Getting Git to use sudo would allow R to be accessed using the same security model that protects these files, rather than through a separate avenue that would have to be configured and synchronized separately.

thkala
  • 84,049
  • 23
  • 157
  • 201
  • 1
    I guess pulling changes in - from the perspective of the server - is not what you want? Because this is what i would strongly recommend. Server processes should never run as root and only humans should be able to login and gain super-user-rights. – Florian Neumann May 09 '14 at 10:36
  • 1
    @florianb: To be honest, I'd rather not have to login manually on that server and then `su` just to use the VCS... I suppose I could use an `expect` script or something, but if Git can be configured to do it on its own, I'd prefer that... – thkala May 09 '14 at 20:59
  • i see. Thanks.
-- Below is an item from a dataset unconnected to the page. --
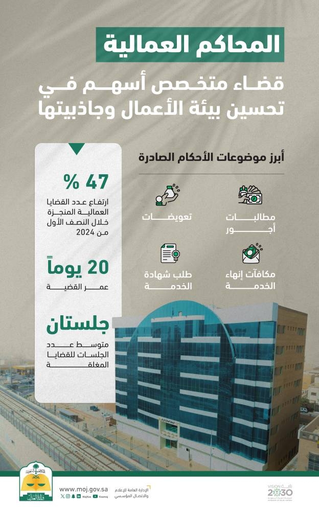 على مدار السنوات الماضية، استطاع القضاء العمالي أن يواكب التطورات الكبيرة والنقلات النوعية التي يشهدها سوق العمل السعودي من خلال سرعة الفصل في المنازعات، وحماية حقوق العمال وأصحاب العمل على حد سواء.

Sou you would only like to use your server as ordinary repo-host? – Florian Neumann May 09 '14 at 21:25

4 Answers4

9

Oh, you can do

git config remote.origin.uploadpack "sudo -u U git-upload-pack"

to get git fetch to use sudo for the remote called origin.

You'd need to ensure sudo is set up to allow this user to execute this command with no password, as I see no way to prompt for password.

Source:

I found myself wanting to do a somewhat similar thing, and found this nugget thoroughly buried in man git-config

I should point out that this does only half the job as I needed only git fetch to work. I imagine you could do a similar thing with remote.origin.receivepack in order to get git push to work but I have not tried that.

eli
  • 91
  • 1
6

What is easier is to establish another listener than the sshd dameon: setup an Apache, which:

That way, you don't have to worry about sudo and su.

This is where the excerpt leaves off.